== What you have to do ==
Beneath this line are entries. Copy the range from the line with "圖為農(nóng)民運(yù" to the line with "Fortunately we have", ends included, exactly; leave pictures out.
┌─ Supplied information
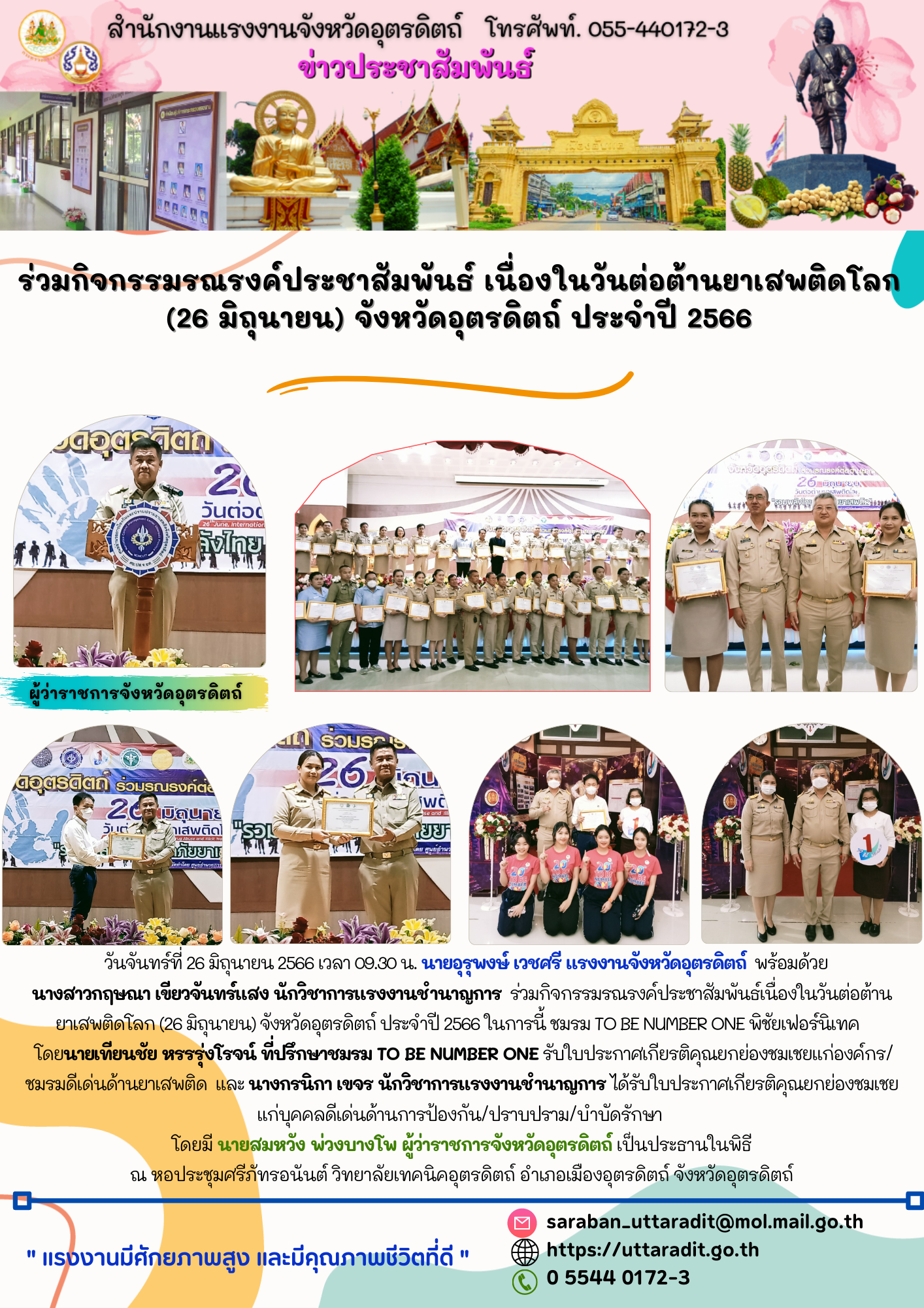 สรจ.อต. ร่วมกิจกรรมรณรงค์ประชาสัมพันธ์ เนื่องในวันต่อต้านยาเสพติดโลก (26 มิถุนายน) จังหวัดอุตรดิตถ์ ประจำปี 2566
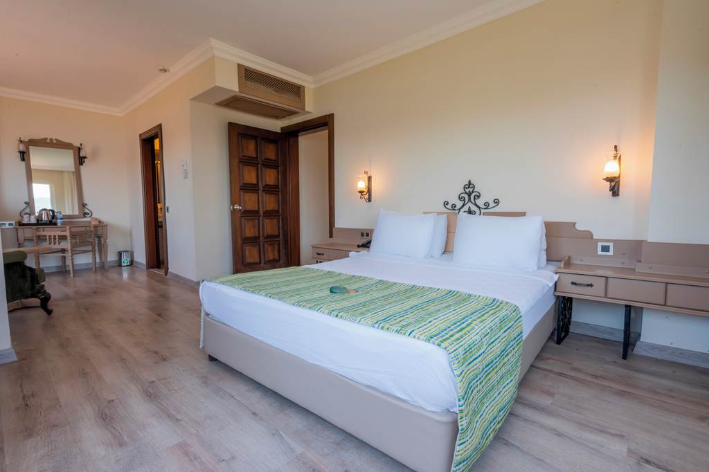 Looking out onto the stunning Marmaris Bay, Grand Yazici Club Marmaris Palace sits within lush pine forests surrounded by the deep blue sea. Perfect for families, this hotel is well-equipped for those travelling with little ones as it offers a colourful kids' club, pool with slides and adventure play house as well as lots of other fun activities! There's also plenty of facilities for adults in search of relaxation or action. Offering two lovely pool areas, a wooden sunbathing jetty stretching into the sea, a spa centre and tonnes of sports, there is something for everyone at this secluded hotel. Standard bungalows sleep up to 3 adults and 1 child and have bathroom containing a shower, air conditioning*, television, hairdryer, safety deposit box* and balcony or terrace. Room upgrade options and Sole Use rooms are also available.
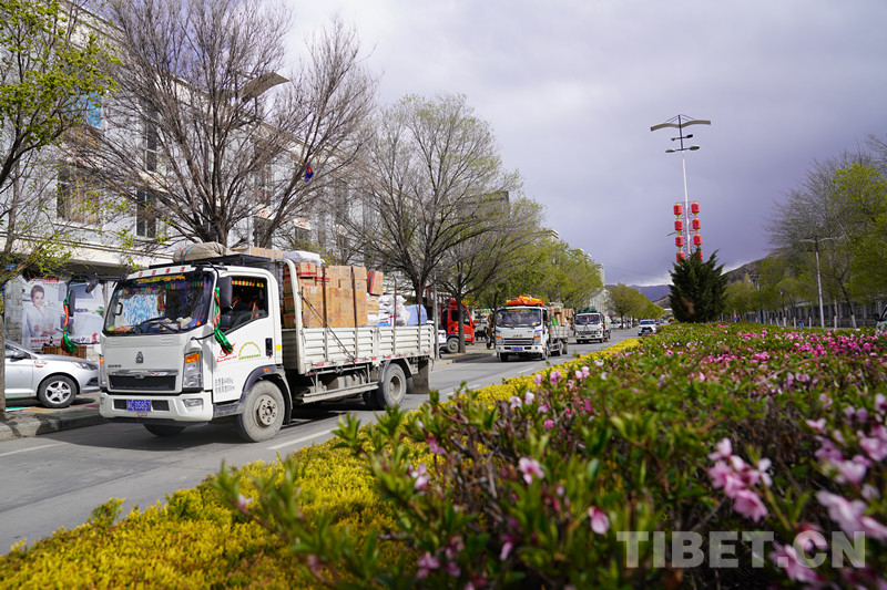 圖為農(nóng)民運(yùn)輸連隊(duì)在山南市區(qū)運(yùn)貨中
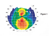 Fortunately we have tools available to guide us. Clearly fluorescein is the most precise and telling, but you can use topography as a faithful guide as well. Consider the three topographies shown here. Figure 1 indicates high astigmatism that is symmetrical, with an essentially even amount of astigmatism indicated from center to edge of the map. A lab can design a toric base curve lens using the K readings alone, as the periphery is simply a continuation of the central curvature.
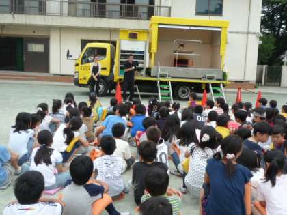 全校の避難訓練が終わった後、4年生が恒例の起震車体験を行いました。震度7までの地震の揺れを体験できるこの装置は、子どもたちにとっても激震をイメージできるとてもいい体験学習となることでしょう。
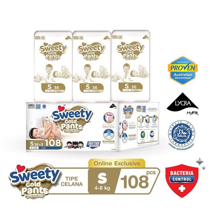 Pampers Bayi Popok Celana Sweety Gold Pants 1 Dus S 36 Pcs Isi 3 Pack
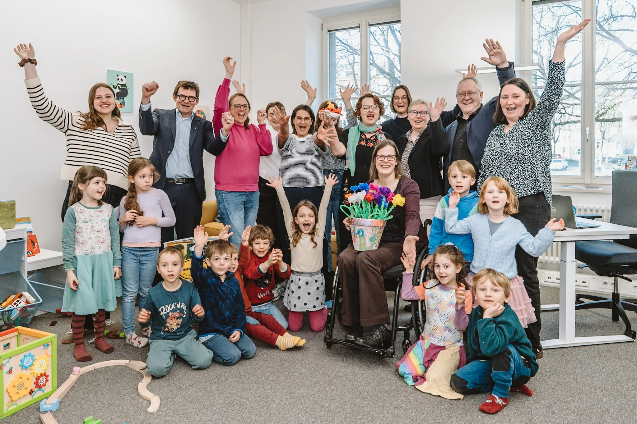 an der Poppelsdorfer Allee: Vertreter und Vertreterinnen der Hochschulleitung und das Team des Familienbüros mit Kita-Kindern, die bei ihrem Besuch einmal alles auf links gedreht und den Raum für gut befunden haben.
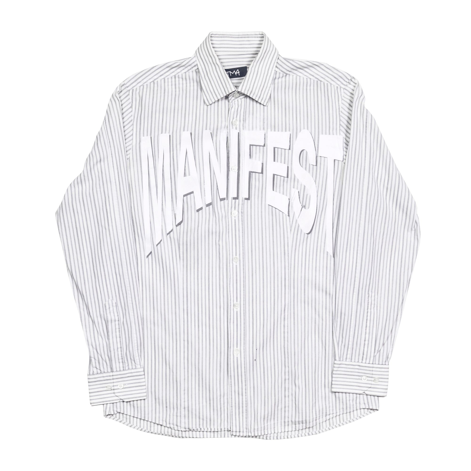 Button-up shirt featuring a “Manifest” screenprint on the front. A classic silhouette with a statement graphic, designed for everyday wear and easy styling.
└─
== Response for this exercise ==
 圖為農(nóng)民運(yùn)輸連隊(duì)在山南市區(qū)運(yùn)貨中
 Fortunately we have tools available to guide us. Clearly fluorescein is the most precise and telling, but you can use topography as a faithful guide as well. Consider the three topographies shown here. Figure 1 indicates high astigmatism that is symmetrical, with an essentially even amount of astigmatism indicated from center to edge of the map. A lab can design a toric base curve lens using the K readings alone, as the periphery is simply a continuation of the central curvature.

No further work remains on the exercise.